It seems to me that the following argument should hold:
Premise 1: We can’t build physical machines that solve problems outside of P.
Premise 2: Recursive alignment proposals (HCH, debate, market-making, recursive reward modelling) at equilibrium would solve problems outside of P.
Conclusion 1, from premises 1 and 2: We can’t build physical machines that implement equilibrium policies for recursive alignment proposals.
Premise 3: Existing arguments for the safety of recursive alignment proposals reason about their equilibrium policies.
Conclusion 2, from conclusion 1 and premise 3: If we were to build physical machines that were trained using recursive alignment proposals, existing arguments would not establish the safety of the resulting policies.
Note that this assumes that P does not contain PSPACE.
Also, the proofs in the post (or at least the proof that iterative amplification with weak HCH accesses PSPACE, which is the only one I’ve read so far) assume polynomial-time access to M, which in reality contradicts premise 2. So I’m not sure what to make of things.
I’m confused by this comment. The post assumes that humans can solve all problems in P (in fact, all problems solvable in polynomial time given access to an oracle for M), then proves that various protocols can solve tricky problems by getting the human player to solve problems in P that in reality aren’t typical human problems to solve. Therefore, I take P to actually mean P, rather than being an analogy for problems humans can solve.

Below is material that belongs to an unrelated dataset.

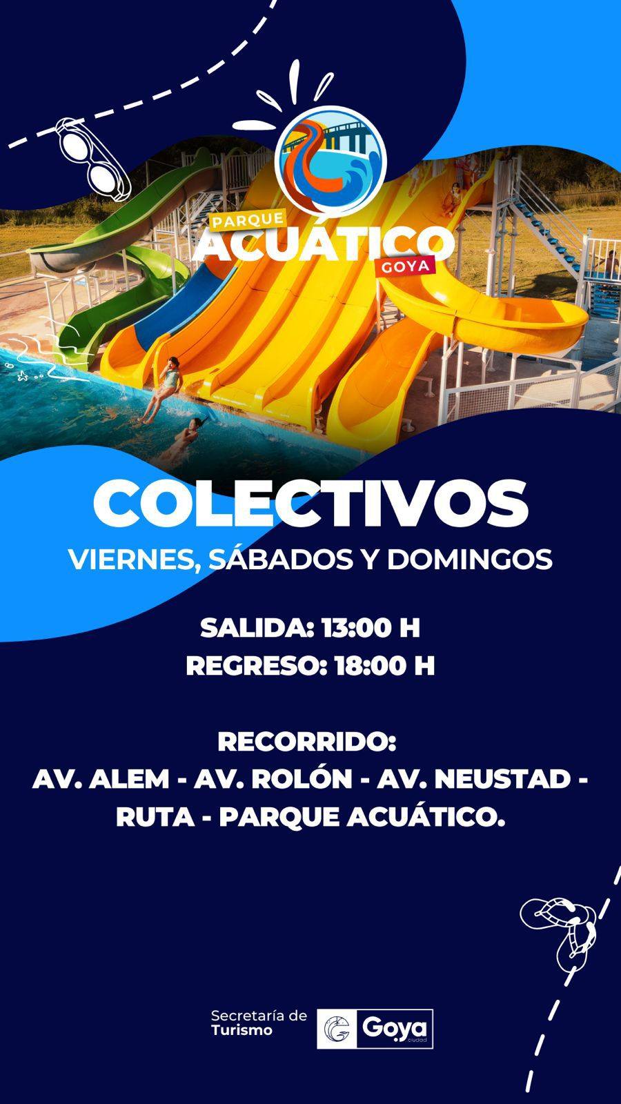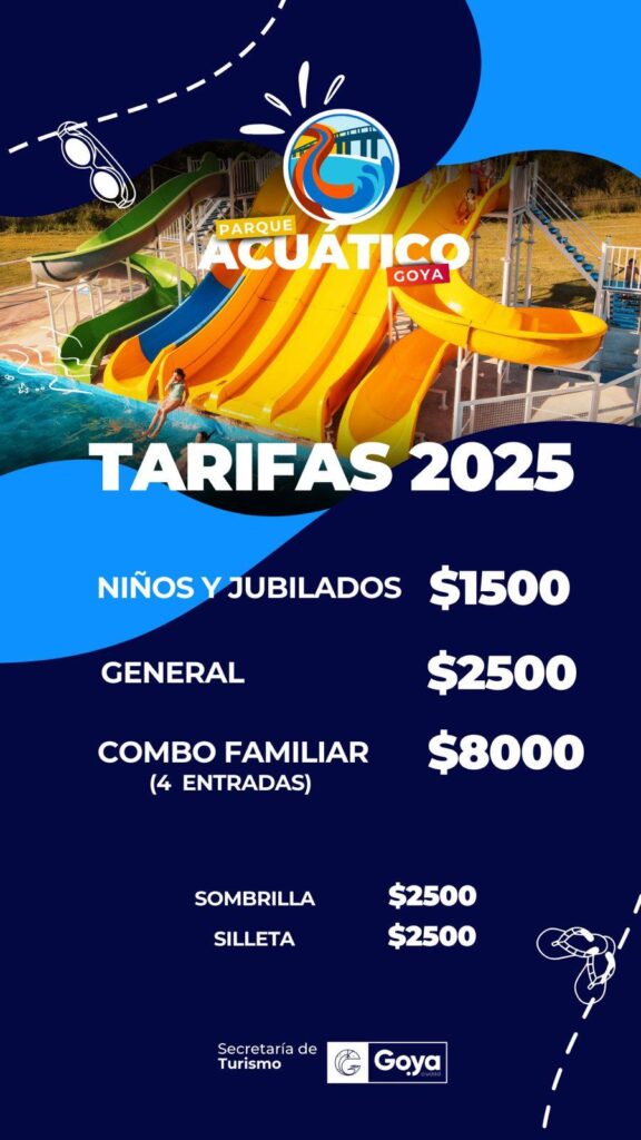 Para disfrutar de la temporada estival el espacio ubicado a la vera del Río Santa Lucia, el Parque Acuático Goya ofrece el servicio ambientado para la utilización de los lugares para acampar, estar, y los juegos acuáticos incorporados a las piletas del complejo municipal

Also, regarding your version of premise 1, I think I buy that AI can only give you a polynomial speedup over humans.
I’ve always understood it as an analogy (e.g. from the debate paper, “Although debate is intended for use with fuzzy humans as judges, we can gain intuition about the model by replacing the human with an arbitrary polynomial time algorithm”). But if I take your perspective, then we have:
Premise 0: Humans can solve all problems in P.
Premise 1: We can’t build physical machines that solve problems outside of P.
Conclusion: We can’t build physical machines that can solve problems that humans can’t.
Seems like you should probably ditch one of the premises.
(I do think premise 0 is pretty wrong—I can solve arbitrary SAT problems that have < 10 clauses, despite it being NP-complete, but I can’t multiply a trillion numbers together, even though that is in P. Complexity classes impose scaling limits; humans have resource limits; these are very different. Yes, I do know that “SAT problems with < 10 clauses” is technically in P.)
Also, regarding your version of premise 1, I think I buy that AI can only give you a polynomial speedup over humans.
I think this is easily handled by saying “in practice, the models we train will not be literally optimal”. It’s still useful to know what would happen at optimality (e.g. I do in fact have more trust for deep RL algorithms that have proofs of convergence to optimal policies given infinite model capacity, compute and data).
I read the post as attempting to be literal, ctrl+F-ing “analog” doesn’t get me anything until the comments. Also, the post is the one that I read as assuming for the sake of analysis that humans can solve all problems in P, I myself wouldn’t necessarily assume that.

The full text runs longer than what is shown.